I think this country must reach peace. I don't want to risk a binational state. I want a Jewish state - democratic, with a clear Jewish majority, and no danger that tomorrow there'll be a different majority. That's why we established this state. And if I want that kind of state I have no choice but to leave most of the territories and let the Palestinians establish a state next to us. My only condition: that there should be complete peace, that they should eliminate terror.
There's no way that this [two-state vision] can happen with the Likud of today, to my great sorrow. I've been in the Likud for 33 years, a Knesset member for 24 years. Until today, the Likud behaved differently. Nobody dreamed that Begin would leave Sinai. But he made peace with Egypt and we left the Sinai, dismantled all the settlements there. And look, thank God, there's been quiet there for almost 30 years and no soldier is getting killed on the Egyptian border. When Rabin made peace with Jordan, the Likud supported the agreement. Now with the Palestinians, the last bone in our throat, we have to reach an accord. Not at any price. My starting point is that the Palestinians must, as a condition for progress, eliminate terror. There won't be further unilateral withdrawals. Only negotiation.
And if they don't eliminate terror?
Then there's no progress.
But then you risk that Jewish, democratic majority?
No. We're building a security barrier, along the entire West Bank. And that's enabling us to neutralize the strategic weapon that they've been using against us.
Until they develop something else?
The key strategic weapon is suicide bombers and we're preventing most of them from hitting us in our soft underbelly. That's the only real threat they have. No other weapon is effective. They fire missiles? We can fire hundreds as many. Look at what happened in Gaza. They tried. And quickly capitulated, because they realized the consequences. We're not impotent, we're not afraid of the Palestinians. But we don't want to rule over them. The opposite. We want to get out of there. And in my opinion they understand this. And they understand that there's no going back to the 1967 borders, and that we're not going to uproot 200,000 [Jewish] residents of the West Bank.
Aren't we encouraging them, for now, to focus terrorism on settlements to the east of the barrier, to force us back to the barrier, for this phase?
They tried that.
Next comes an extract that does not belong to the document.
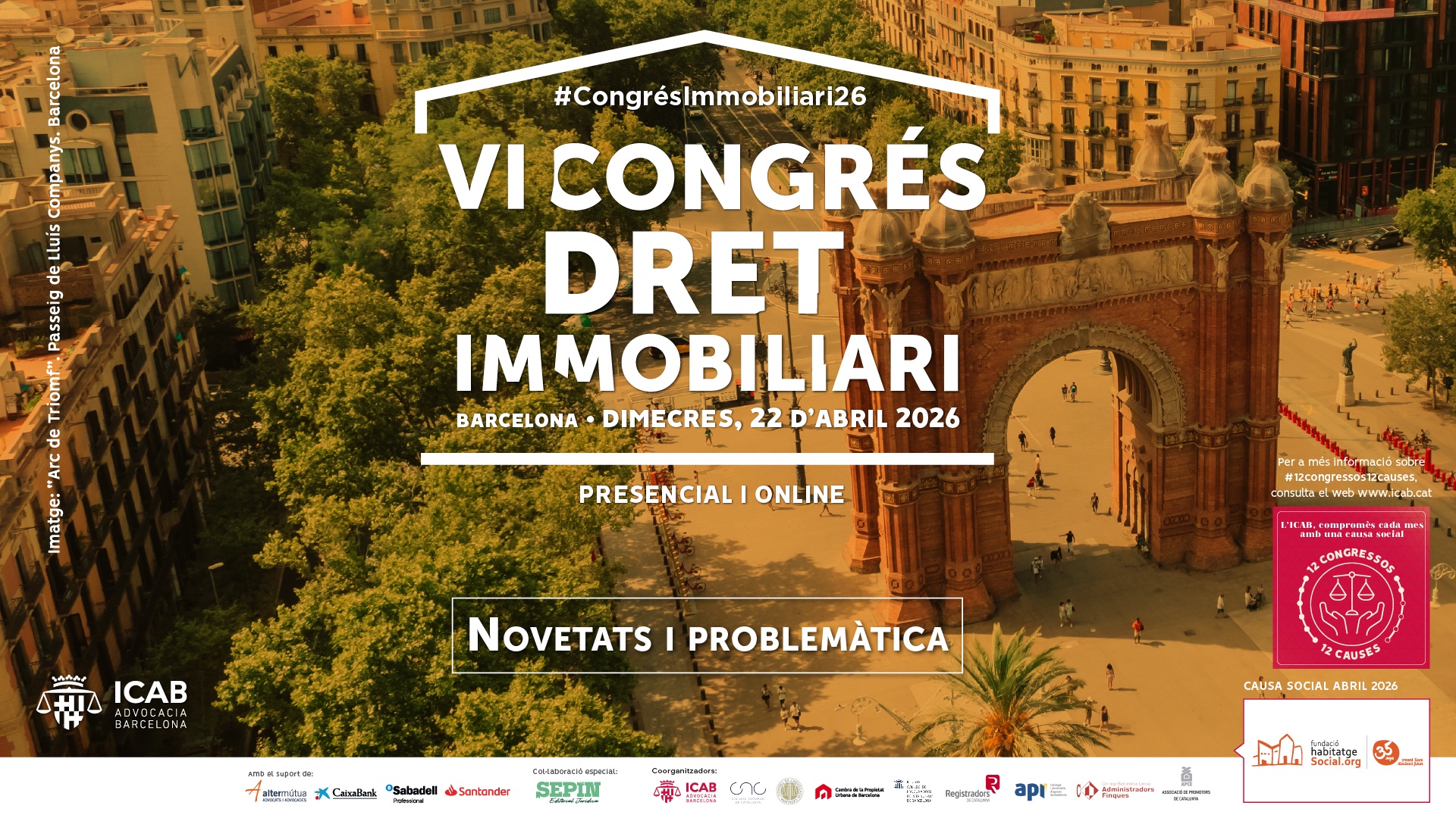 El VI Congrés de Dret Immobiliari forma part del projecte de la junta de Govern de l’ICAB, “12 Congressos, 12 Causes” amb el qual el Col·legi de l’Advocacia de Barcelona vol posar en valor la funció social de l’advocacia tot vinculant els principals congressos jurídics que organitza aquesta Corporació amb 12 entitats que treballen desinteressadament per transformar la societat, defensar els drets i millorar la vida de les persones. En aquesta ocasió el VI Congrés de Dret Immobiliari s’ha vinculat a l’Associació Habitatge Social, una entitat amb 35 anys d’experiència en la gestió d’habitatge social per als col·lectius més desafavorits. Els assistents rebran el llibre amb les ponències del ‘VI Congrés de Dret Immobiliari’, que ha editat l’ICAB i que ha comptat amb la causa social de la Fundació La Marató de TV3.

It didn't work. I'm demanding that they eliminate terror. If they don't, it will only hurt them. The intifada hurt us badly; it hurt them even worse.
Maybe they don't care?
So I don't care either.
We left Gaza, and there's not a Palestinian alive who thinks we left for any reason other than what they call "resistance" and we call terrorism. And now you say we want a democratic state with a Jewish majority, and that we need to leave most of the territories, and we've built a barrier, but there won't be further unilateral withdrawals. That doesn't make sense.
We left Gaza to prove that we're serious. We proved it. All the threats of missiles on Ashkelon and Tel Aviv proved baseless. They're not falling. Finished.
There's an area east of the barrier with an overwhelming Palestinian majority...
Yes, and we don't rule over that population. We left. It's in the hands of the Palestinians. Perhaps 5 percent of the Palestinians are in Israeli-held territory.
Most of the territory is in our hands.
Precisely. That's the idea. So they can't do anything. And they understand that too. And they want to get a state.
You can foresee a situation where for years, if they don't tackle terrorism, we won't pull back to the barrier unilaterally?